One of South Korea’s largest companies is developing a music copyright blockchain project. This could result in a fairer distribution of music royalties.
According to local media reports, conglomerate CJ Corp is developing the application through its CJ OliveNetworks subsidiary. The platform would record instances of music broadcast to the blockchain. Therefore, it creates an accurate ledger of plays for royalty distribution.
The aim of the music copyright blockchain platform is to create a more reliable account of music broadcast. Therefore, royalties can go to copyright holders. This would also replace the current system, which relies largely on estimates and manual reporting to determine appropriate royalty payments.
Kim Eung-do, director of the DT Convergence Research Institute at CJ OliveNetworks, said there is demand from copyright holders for this kind of technology, as an upgrade on the current copyright management process.
“It is very important to have a system that guarantees fairness and transparency among copyright stakeholders. The blockchain-based copyright management system will greatly contribute to improving the copyright management process.”
According to reports in Yonhap, the system is being developed on AWS’ Amazon Managed Blockchain Service.
Can A Music Copyright Blockchain Really Help Rights Holders?
Taking advantage of the unique properties of distributed ledger technology, CJ believes the system will also allow more efficient, transparent distribution of royalties to rights holders.

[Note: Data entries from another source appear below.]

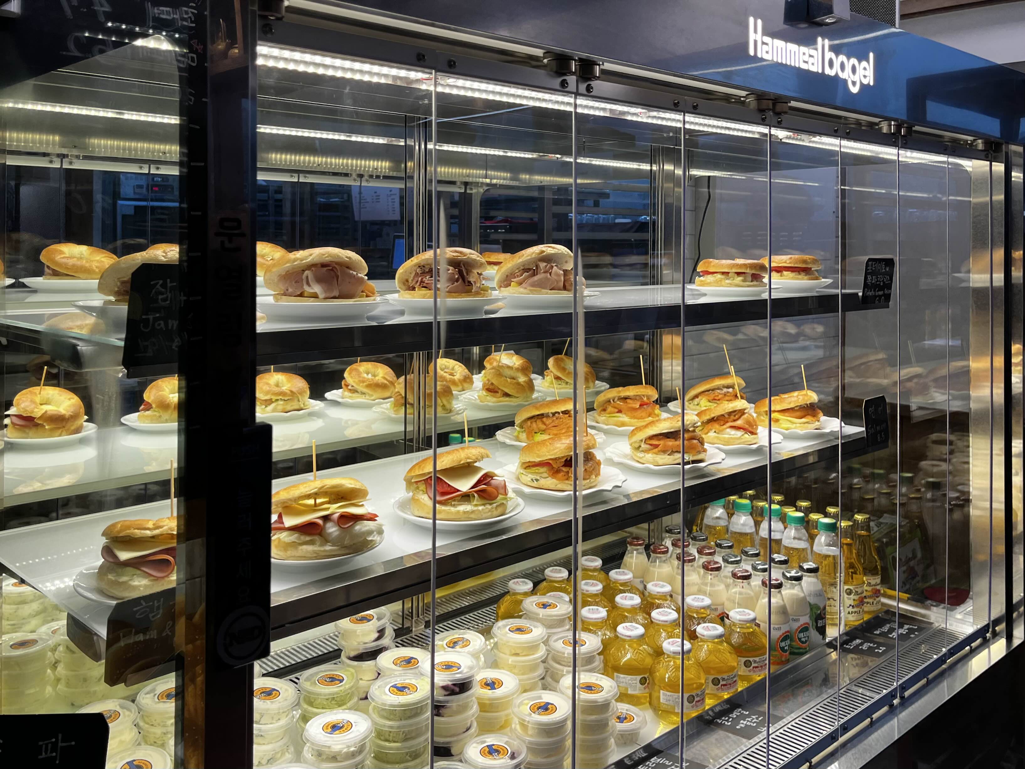 기본 베이글은 상온 매대에 진열되어 있고, 샌드위치 종류는 냉장보관되어 있더라구요❄️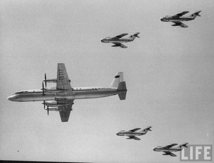 Ил -18 с Гагариным на борту и четыре сопровождающих самолета на пути в Москву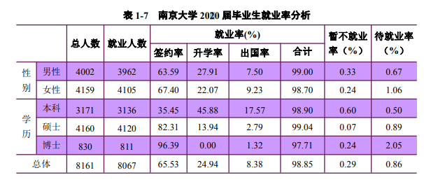 2020年南京大學畢業(yè)生就業(yè)質量報告部分內容:

CJ Group is the 14th largest conglomerate in South Korea, with equivalent $25.9 billion in assets. The group operates across a number of sectors including cinemas, beauty, logistics, IT, food and drink and entertainment.
Their move towards blockchain is only the latest example of a major global company developing practical solutions on the technology.

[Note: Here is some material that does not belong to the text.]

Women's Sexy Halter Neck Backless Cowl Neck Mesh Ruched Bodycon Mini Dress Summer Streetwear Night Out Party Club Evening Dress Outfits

With its immutable records, automatic verification and transaction mechanisms, blockchain is therefore perfect for tracking ownership. This includes digital ownership in the form of copyright.
The platform would enable rights holders to claim a more accurate share of royalties owed to them than at present, while introducing cost-saving efficiencies into the reporting system.
With rights management for music and other IP a contentious issue globally, the platform could also inspire similar applications for monitoring, tracking and recording rights ownership on the blockchain.